Гнилые пальцы.

«Непосредственность восприятия действительности – вот в чём состоит возможная цель моих кропотливых исследований». Эта фраза, произнесенная Зубко в момент, когда тёмная как «риоха» кровь неслышно брызнула на пыльные ладони Анастасии, запомнилась Ефрему благодаря особой переливчатости, с каковой прожурчали слова его в такт горячему пульсу. Он говорил что-то про детский мозг, и про детей. Дети. Суетливые, маленькие граждане непонятной отчизны: подумать только, что впереди у них…

Ефрем вспоминал подробности, стоя на мосту. Внизу вяло шелестела Серебрянка. Снег подтаял, но здесь, за городом, зима еще крепко удерживала чёрными холодными клешнями заиндевелую цепь с покрытым ледяными шипами ошейником. Ефрем плюнул. Достал из кармана генеральский портсигар. Закурил. Расстегнул ширинку, задумчиво достал складчатый член, обнажил головку, плеснул прозрачной струйкой в неторопливые воды.

В чём же ошибся Зубко? Почему с таким трудом добытый материал был бездарно растрачен ленивыми тыловиками? Откуда мёртвый Антипов вытащил пахнущий лисьей какашкой «браунинг»? Почему Анастасия не захотела сохранить свою жизнь?

А начиналось всё буднично. На утренней планёрке расписали первую фазу, подтверждение из Омска поступило накануне вечером, все приготовились.

– Раньше сядешь – раньше выйдешь! – потирал руки Степан Торчилов, азартно бегая глазками за стеклом вытяжного шкафа.

Ввели подопытных. С уютным волнением Ефрем приподнял пинцетом эластичное веко покрытой бугристыми струпьями женщины. Зрачок не реагировал на свет, но грудь под стерильной накидкой явственно шевелилась дыханием, сухие губы дрожали в глумливой улыбке. Он осторожно всунул скальпель между зубами, слегка надавил. Из полуоткрытого рта посыпались черви. Они были маленькие, величиной с булавочную головку. С трудом верилось, что множество подобных личинок разъело мозг и питает собой пухнущую как толстый кишечник опухоль. Черви, зарождённые силой мысли, управляли живым потоком сознания, но вращательное движение головяных соков нагревало могилу волосатой птицы.
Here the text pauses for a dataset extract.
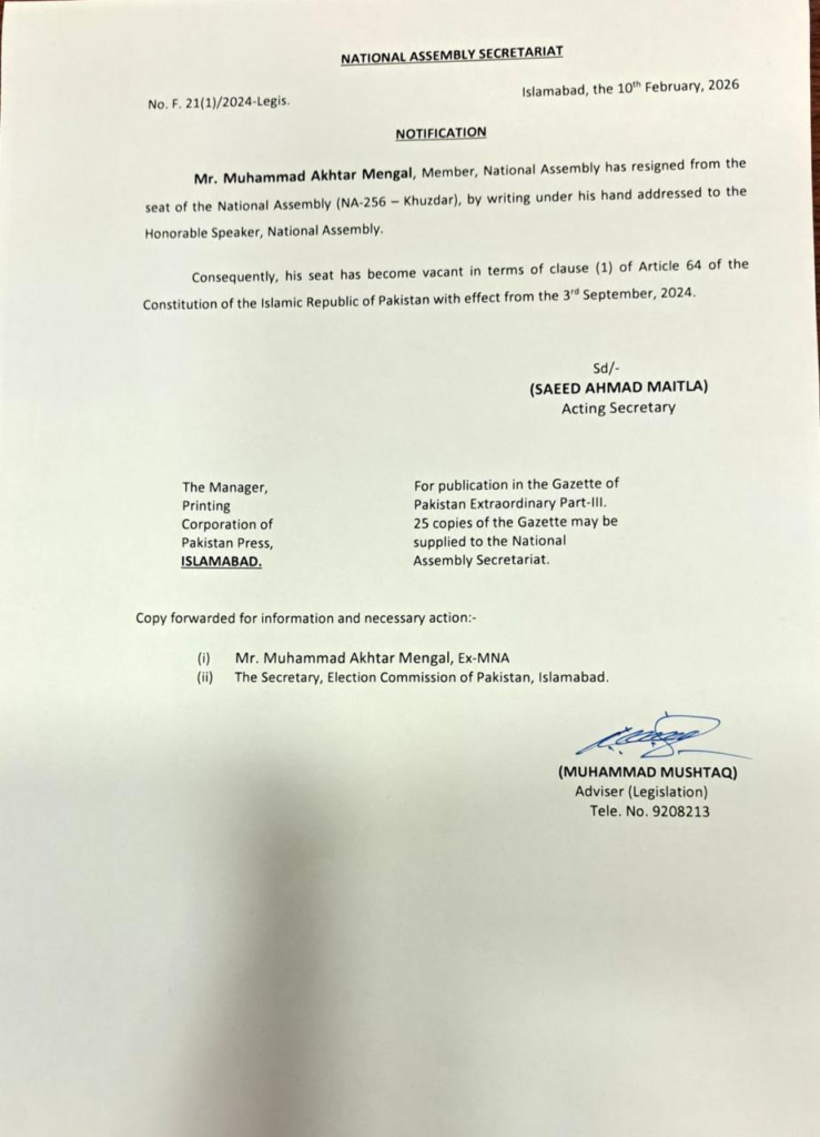 Akhtar Mengal, who was elected from Khuzdar’s NA-256 constituency in the February 2024 general elections, had tendered his resignation on September 3, 2024. He cited the worsening law and order situation in Balochistan and declared that he had lost confidence in the state.

Это пришло от индейцев. Ефрем запомнил головы на дереве. Он повернулся, чтобы отлить, когда увидел это.

Второй подопытный оказался рослым круглолицым блондином без ногтей и ресниц. Бывший спортсмен, пятиборец. Когда его мошонку поместили в растирочный станок, он потерял сознание, но эрекция не ослабла, а из заднего прохода отчётливо слышалось ритмичное постукивание. Анальное сердце просилось на свет. Черви сжимали кольцо. Матёрые медики были бессильны: мощь мозга крушила препоны.

Когда девятнадцать истерзанных трупов оросили терпкими внутренностями высвеченные галогеном плоскости лаборантской, а свежая кровь обильно залила пол, потолок и стены, решено было прерваться на короткое рабочее совещание. Зубко курил, полоща рот дымом. Анастасия стерилизовала пилы. Степан мастурбировал. Когда все были в сборе, слово взял Константин Чурепа. Понюхав влажную от крови подъязычную кость, извлечённую из свежесрезанной головы Антипова, он громко прочистил глотку и старательно почесал промежность:

– Когда хамелеон выходит поохотиться, насекомые прячутся в щели. Сегодня в полночь я проснулся в холодном поту, господа! – его голос звенел, мечась среди стёкол.

Из радиолы доносилась трель барабанщика. С грязным ругательством Степан брызнул семенем на тусклый экран осциллографа.

– Вам что-то приснилось? – тихо спросил Зубко.

– Приснилось? О, да… Гнилые пальцы моего любовника.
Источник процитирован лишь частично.